As soon as scientists devised the coefficient-of-restitution test, they realized that golf balls had been flunking. The featherie and the guttie ball had low to modest coefficients of restitution. When rubber balls were introduced in the twentieth century, the rough number climbed above .600--better, but still a little leaden for many golfers’ tastes. It was only in the 1970s that golf balls achieved true state-of-the-art spring, thanks to a substance known as polybutadiene.

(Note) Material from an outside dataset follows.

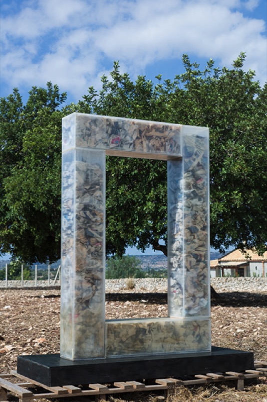Trentadue le opere esposte a palazzo Spadaro, mentre quattro sculture sono visibili a Palazzo di città: nei corridoi del primo piano due bassorilievi in cui sono raffigurate delle carrube, una scultura con l'ultima stazione della Via Crucis, mentre, all'ingresso del Municipio, una Grande finestra dal titolo “L'opacità della carta stampata”.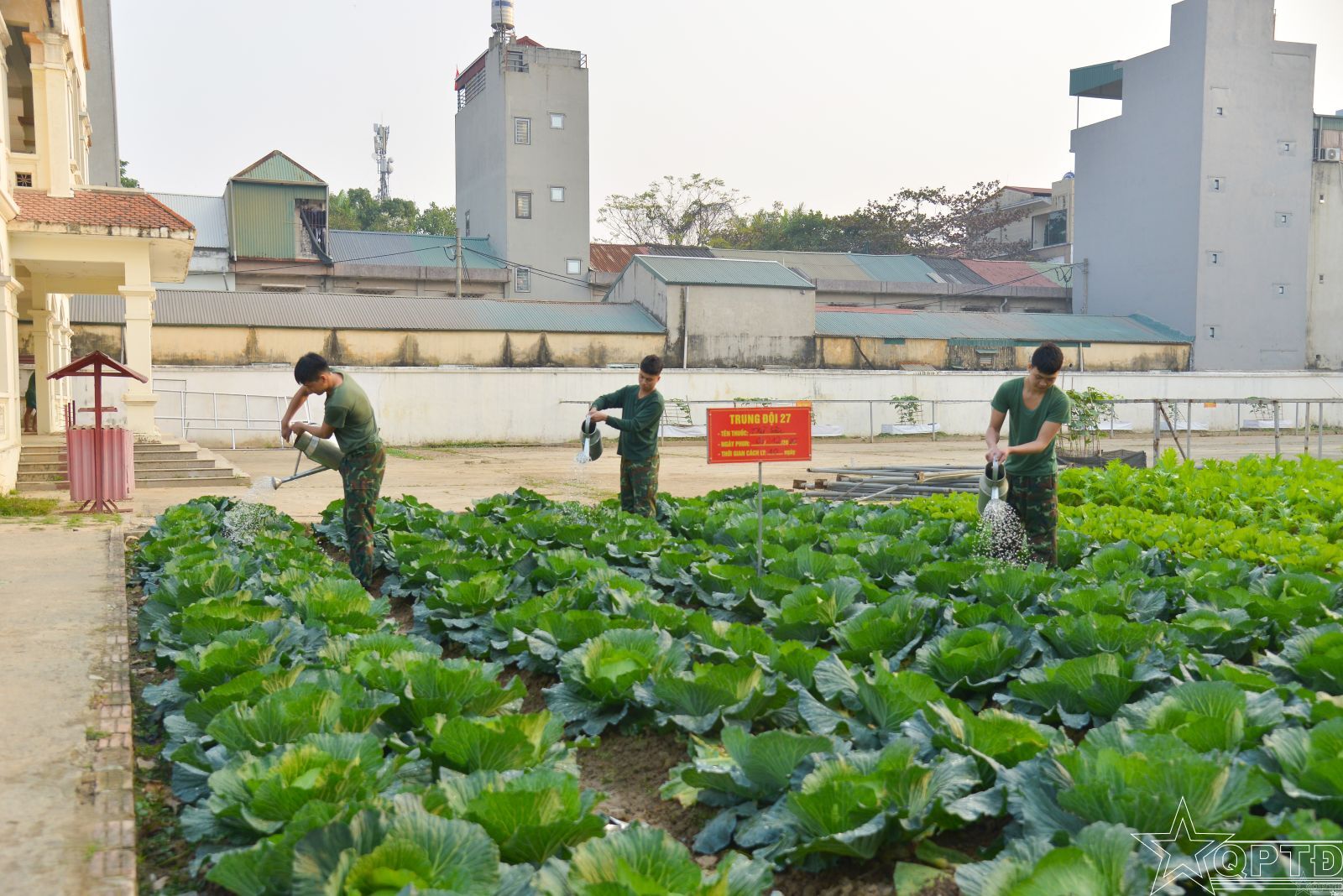 Cảm nhận đầu tiên khi chúng tôi đến Trung đoàn 692, Sư đoàn Bộ binh 301 là sắc xanh trải dài trong khu tăng gia sản xuất của đơn vị. Trên vùng đất đồi vốn khô cằn, sỏi đá, những luống rau vẫn lên đều, xanh mướt. Những giàn bí trĩu quả. Chuồng trại chăn nuôi được quy hoạch gọn gàng, khoa học với những đầu lợn, đầu gia cầm đã đạt chuẩn để khai thác. Tất cả cho thấy sự chủ động, bài bản trong công tác hậu cần cho ngày Tết được chuẩn bị từ rất sớm. Trung tá Tạ Duy Định, Chủ nhiệm Hậu cần-Kỹ thuật Trung đoàn 692 chia sẻ với chúng tôi: “Để bảo đảm Tết cho bộ đội đủ đầy, an toàn, đơn vị đã chủ động xây dựng kế hoạch tăng gia chăn nuôi, trồng rau ngay từ giữa năm, tăng cường diện tích rau xanh từ đầu tháng 12. Nhờ đó, đến thời điểm này, Trung đoàn đã chuẩn bị đủ đầu lợn, gia cầm và nhiều diện tích rau xanh các loại, sẵn sàng phục vụ cán bộ, chiến sĩ đón Tết tại đơn vị...”.

Essentially a petroleum-based polymer, polybutadiene had been little more than a chemical curiosity until the late 1960s, when the überball known as the Superball hit the toy market. Resembling a squash ball, the Superball was advertised as the ultimate rubber ball, and its bounce lived up to its billing, achieving a coefficient of restitution reaching the middle 800s. Not surprisingly, parents of that era were reluctant to buy children so high-octane a toy, and with good reason. Fully 30 years after the introduction of the product, suburban communities across the country still conduct occasional drills, as Superballs bounced in mid- 1968 suddenly reappear menacingly over the horizon. Even the name of the company that manufactured the Superball--Wham-O--vaguely suggested mayhem, though other names reportedly under consideration (including Oops, Smash, and I Hope You Had Coverage for That) would almost certainly have been worse.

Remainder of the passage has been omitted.